╭─ Data excerpts

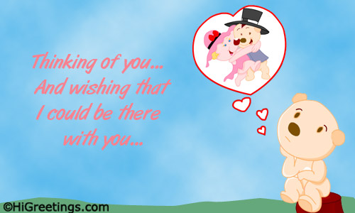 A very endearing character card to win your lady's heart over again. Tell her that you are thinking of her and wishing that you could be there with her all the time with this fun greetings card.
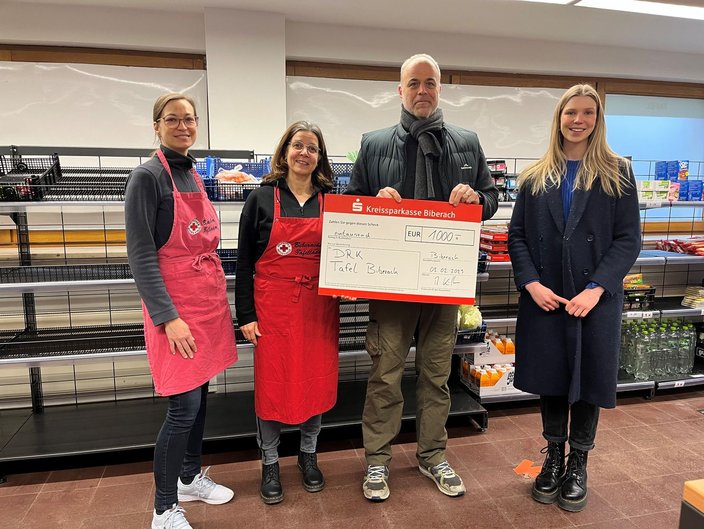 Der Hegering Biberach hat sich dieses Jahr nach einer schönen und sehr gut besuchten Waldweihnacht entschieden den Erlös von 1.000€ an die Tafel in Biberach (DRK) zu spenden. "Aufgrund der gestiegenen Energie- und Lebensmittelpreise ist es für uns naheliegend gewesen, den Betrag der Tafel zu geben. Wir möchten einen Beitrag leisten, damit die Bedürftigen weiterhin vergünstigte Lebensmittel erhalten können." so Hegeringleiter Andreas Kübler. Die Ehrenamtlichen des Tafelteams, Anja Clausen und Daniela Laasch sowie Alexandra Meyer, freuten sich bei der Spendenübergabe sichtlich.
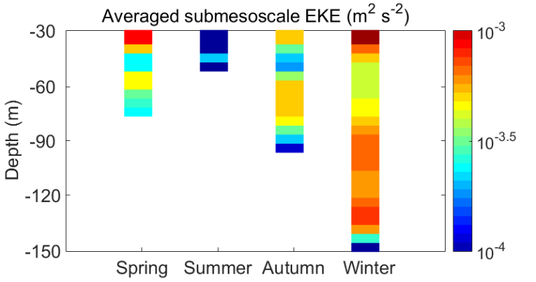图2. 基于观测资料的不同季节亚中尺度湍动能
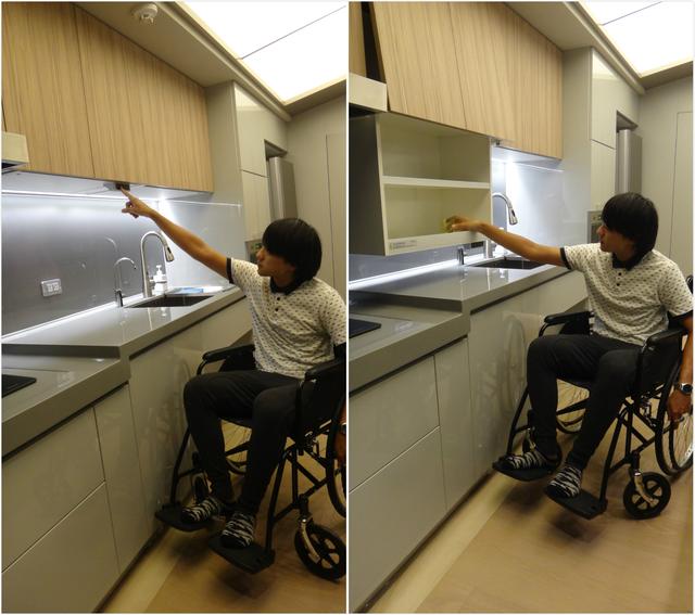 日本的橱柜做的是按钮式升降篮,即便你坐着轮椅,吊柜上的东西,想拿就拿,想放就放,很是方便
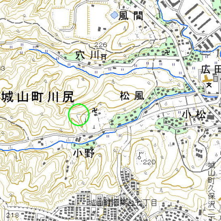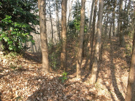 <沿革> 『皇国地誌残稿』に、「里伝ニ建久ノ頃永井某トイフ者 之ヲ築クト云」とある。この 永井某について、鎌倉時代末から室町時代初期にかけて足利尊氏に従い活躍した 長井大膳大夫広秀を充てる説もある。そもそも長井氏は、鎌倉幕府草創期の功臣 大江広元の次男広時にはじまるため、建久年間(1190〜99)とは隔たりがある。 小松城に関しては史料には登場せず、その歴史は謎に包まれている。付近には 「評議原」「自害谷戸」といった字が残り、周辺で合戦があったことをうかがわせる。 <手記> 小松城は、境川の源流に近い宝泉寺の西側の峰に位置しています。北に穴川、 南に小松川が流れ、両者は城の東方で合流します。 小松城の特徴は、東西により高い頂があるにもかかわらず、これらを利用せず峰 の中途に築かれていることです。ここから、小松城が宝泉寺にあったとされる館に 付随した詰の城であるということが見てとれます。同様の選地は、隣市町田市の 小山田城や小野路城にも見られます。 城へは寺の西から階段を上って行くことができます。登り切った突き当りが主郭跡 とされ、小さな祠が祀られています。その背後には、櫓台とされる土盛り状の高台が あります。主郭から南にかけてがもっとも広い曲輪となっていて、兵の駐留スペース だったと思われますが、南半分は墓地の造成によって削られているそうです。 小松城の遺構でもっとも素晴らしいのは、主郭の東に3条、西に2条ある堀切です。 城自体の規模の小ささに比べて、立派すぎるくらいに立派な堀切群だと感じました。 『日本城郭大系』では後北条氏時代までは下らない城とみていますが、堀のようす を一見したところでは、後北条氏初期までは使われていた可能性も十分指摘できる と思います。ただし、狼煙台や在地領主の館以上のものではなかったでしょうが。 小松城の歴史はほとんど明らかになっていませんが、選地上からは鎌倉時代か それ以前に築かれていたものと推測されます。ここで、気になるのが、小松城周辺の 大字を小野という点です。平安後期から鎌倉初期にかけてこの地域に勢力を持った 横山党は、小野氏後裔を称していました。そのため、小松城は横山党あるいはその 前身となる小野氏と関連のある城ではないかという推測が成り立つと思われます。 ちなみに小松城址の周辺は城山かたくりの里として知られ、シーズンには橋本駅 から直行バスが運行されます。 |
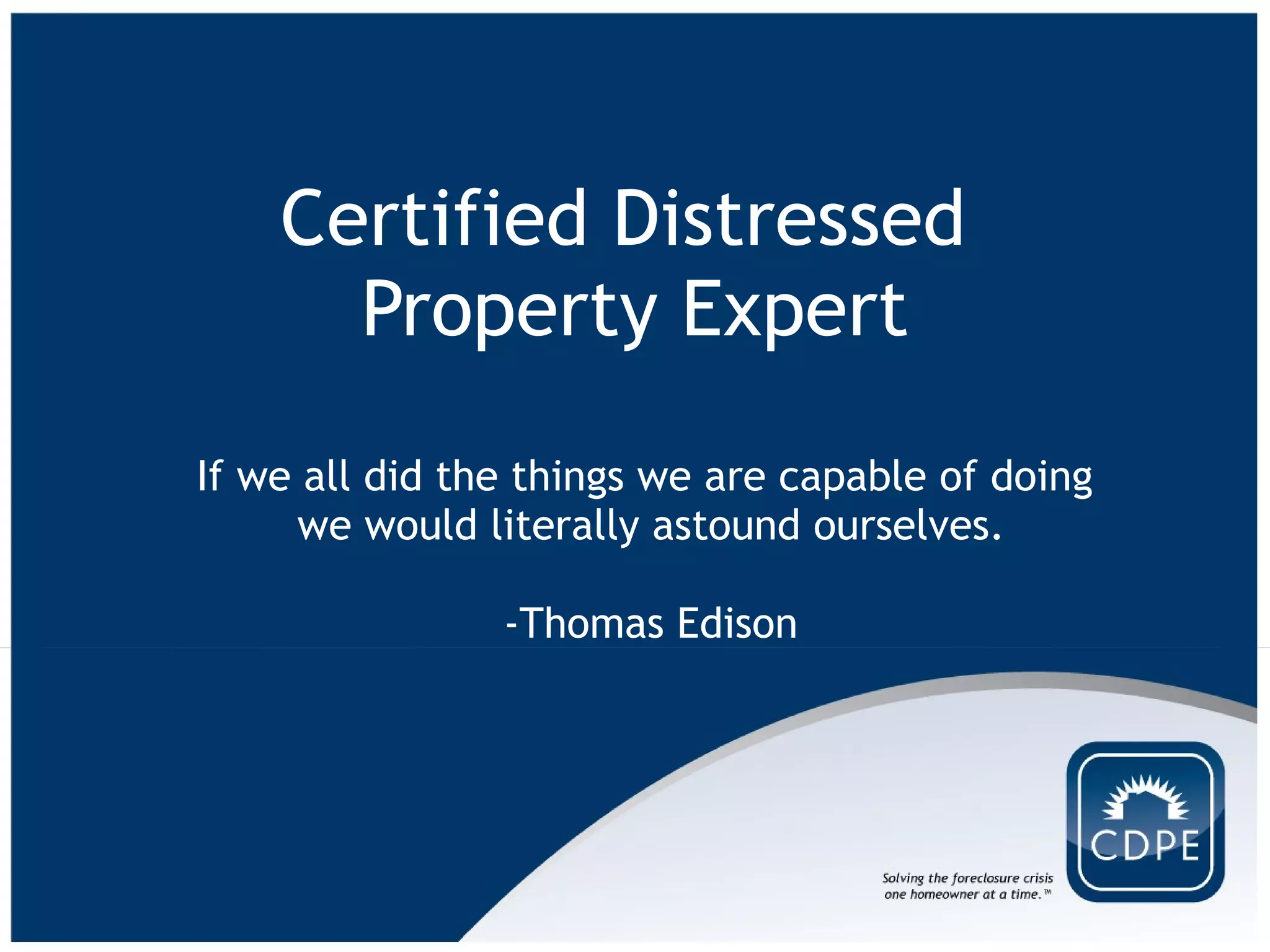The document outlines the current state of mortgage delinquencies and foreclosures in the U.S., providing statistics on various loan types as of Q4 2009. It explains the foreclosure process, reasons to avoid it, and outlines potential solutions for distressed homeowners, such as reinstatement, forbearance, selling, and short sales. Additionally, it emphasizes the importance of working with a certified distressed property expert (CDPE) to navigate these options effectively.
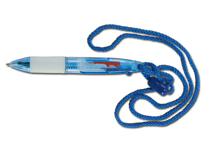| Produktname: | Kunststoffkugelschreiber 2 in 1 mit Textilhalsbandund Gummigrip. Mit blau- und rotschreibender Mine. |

╰─
╭─ Data excerpts

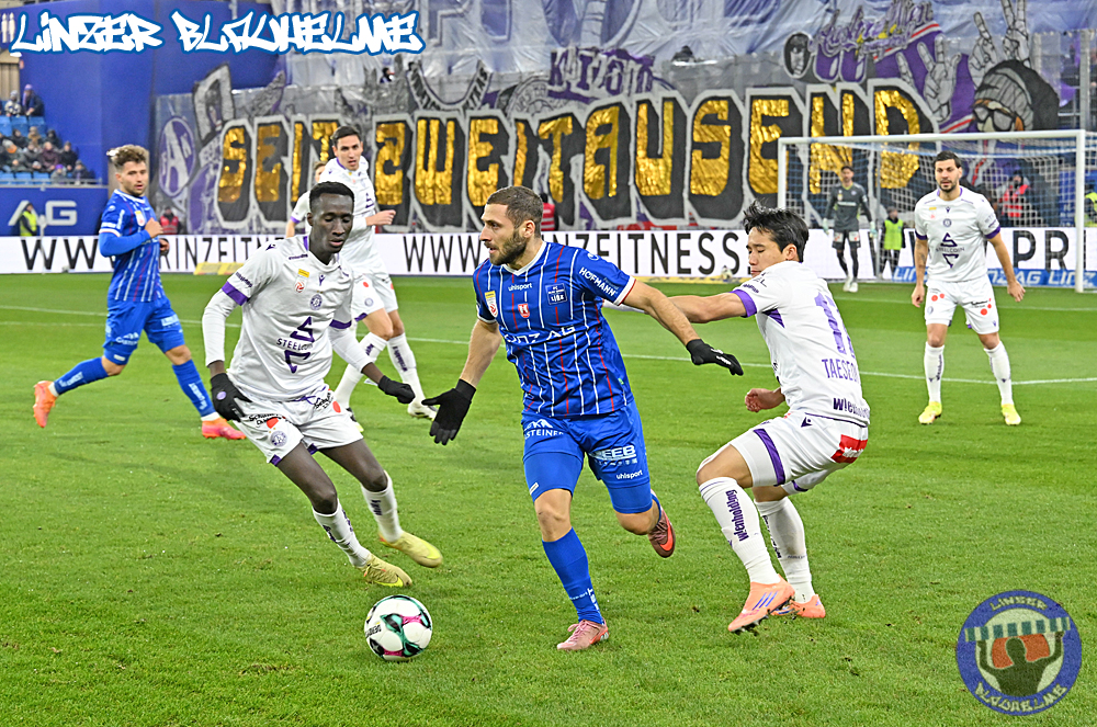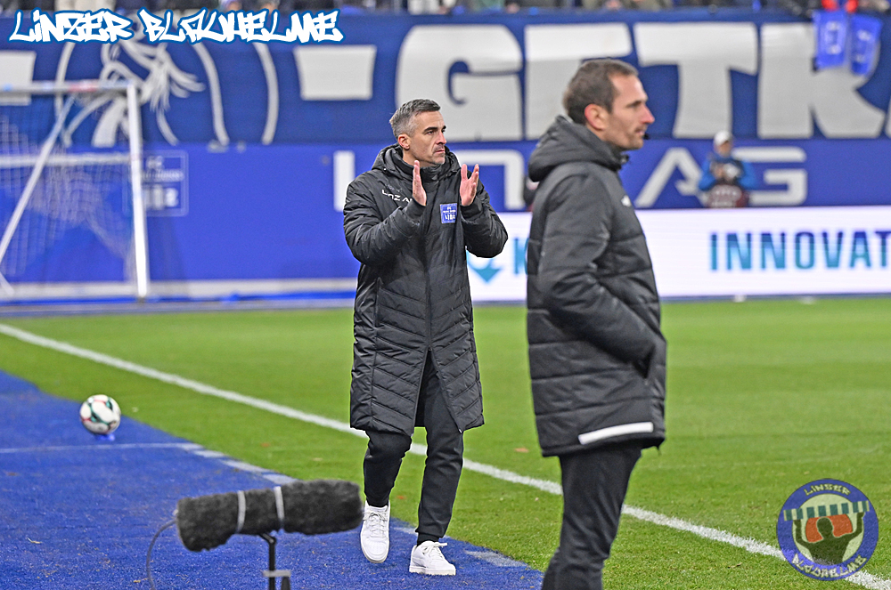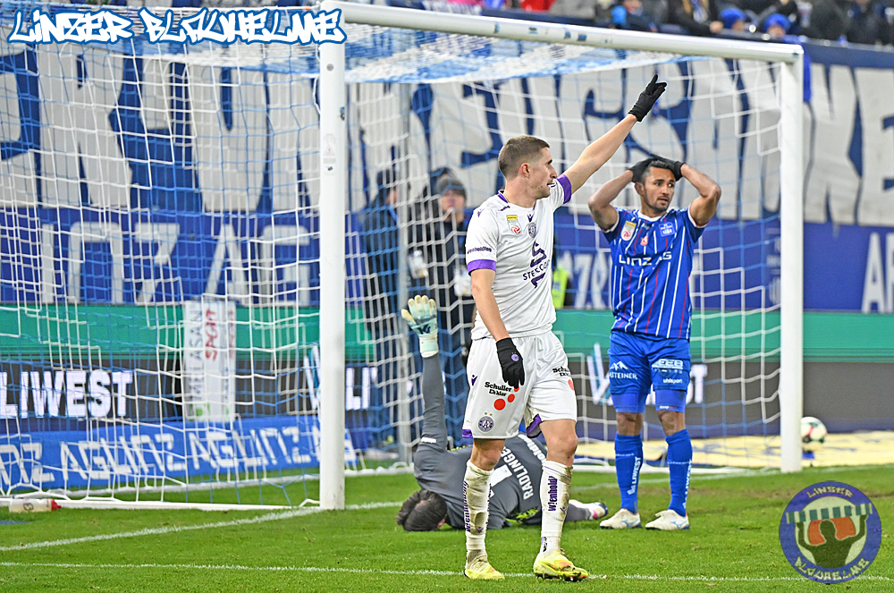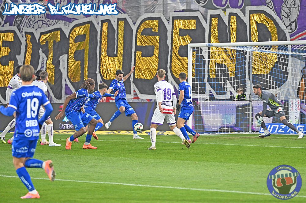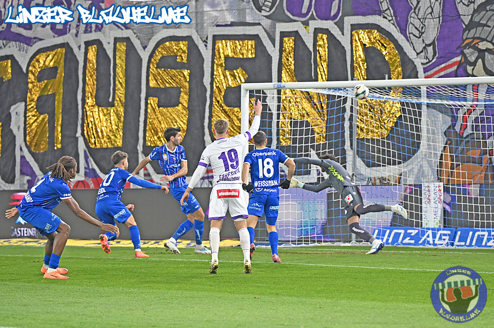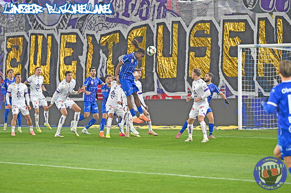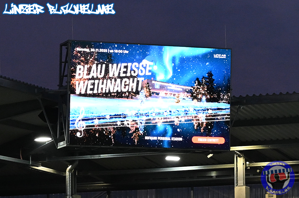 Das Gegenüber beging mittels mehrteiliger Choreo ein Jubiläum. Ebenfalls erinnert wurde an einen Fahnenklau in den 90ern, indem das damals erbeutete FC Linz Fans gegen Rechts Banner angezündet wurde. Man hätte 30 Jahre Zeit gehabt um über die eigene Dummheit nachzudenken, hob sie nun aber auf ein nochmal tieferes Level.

╰─

**Exercise brief**:
In the listing above, find the line with "图2. 基于观测资料的不同季节亚中尺度湍动能" and the line with "rotschreibender Mine. |". Set down both and every line between them, minus the pictures.

**Task solution**:
图2. 基于观测资料的不同季节亚中尺度湍动能
 日本的橱柜做的是按钮式升降篮,即便你坐着轮椅,吊柜上的东西,想拿就拿,想放就放,很是方便
 <沿革> 『皇国地誌残稿』に、「里伝ニ建久ノ頃永井某トイフ者 之ヲ築クト云」とある。この 永井某について、鎌倉時代末から室町時代初期にかけて足利尊氏に従い活躍した 長井大膳大夫広秀を充てる説もある。そもそも長井氏は、鎌倉幕府草創期の功臣 大江広元の次男広時にはじまるため、建久年間(1190〜99)とは隔たりがある。 小松城に関しては史料には登場せず、その歴史は謎に包まれている。付近には 「評議原」「自害谷戸」といった字が残り、周辺で合戦があったことをうかがわせる。 <手記> 小松城は、境川の源流に近い宝泉寺の西側の峰に位置しています。北に穴川、 南に小松川が流れ、両者は城の東方で合流します。 小松城の特徴は、東西により高い頂があるにもかかわらず、これらを利用せず峰 の中途に築かれていることです。ここから、小松城が宝泉寺にあったとされる館に 付随した詰の城であるということが見てとれます。同様の選地は、隣市町田市の 小山田城や小野路城にも見られます。 城へは寺の西から階段を上って行くことができます。登り切った突き当りが主郭跡 とされ、小さな祠が祀られています。その背後には、櫓台とされる土盛り状の高台が あります。主郭から南にかけてがもっとも広い曲輪となっていて、兵の駐留スペース だったと思われますが、南半分は墓地の造成によって削られているそうです。 小松城の遺構でもっとも素晴らしいのは、主郭の東に3条、西に2条ある堀切です。 城自体の規模の小ささに比べて、立派すぎるくらいに立派な堀切群だと感じました。 『日本城郭大系』では後北条氏時代までは下らない城とみていますが、堀のようす を一見したところでは、後北条氏初期までは使われていた可能性も十分指摘できる と思います。ただし、狼煙台や在地領主の館以上のものではなかったでしょうが。 小松城の歴史はほとんど明らかになっていませんが、選地上からは鎌倉時代か それ以前に築かれていたものと推測されます。ここで、気になるのが、小松城周辺の 大字を小野という点です。平安後期から鎌倉初期にかけてこの地域に勢力を持った 横山党は、小野氏後裔を称していました。そのため、小松城は横山党あるいはその 前身となる小野氏と関連のある城ではないかという推測が成り立つと思われます。 ちなみに小松城址の周辺は城山かたくりの里として知られ、シーズンには橋本駅 から直行バスが運行されます。 |
The document outlines the current state of mortgage delinquencies and foreclosures in the U.S., providing statistics on various loan types as of Q4 2009. It explains the foreclosure process, reasons to avoid it, and outlines potential solutions for distressed homeowners, such as reinstatement, forbearance, selling, and short sales. Additionally, it emphasizes the importance of working with a certified distressed property expert (CDPE) to navigate these options effectively.
| Produktname: | Kunststoffkugelschreiber 2 in 1 mit Textilhalsbandund Gummigrip. Mit blau- und rotschreibender Mine. |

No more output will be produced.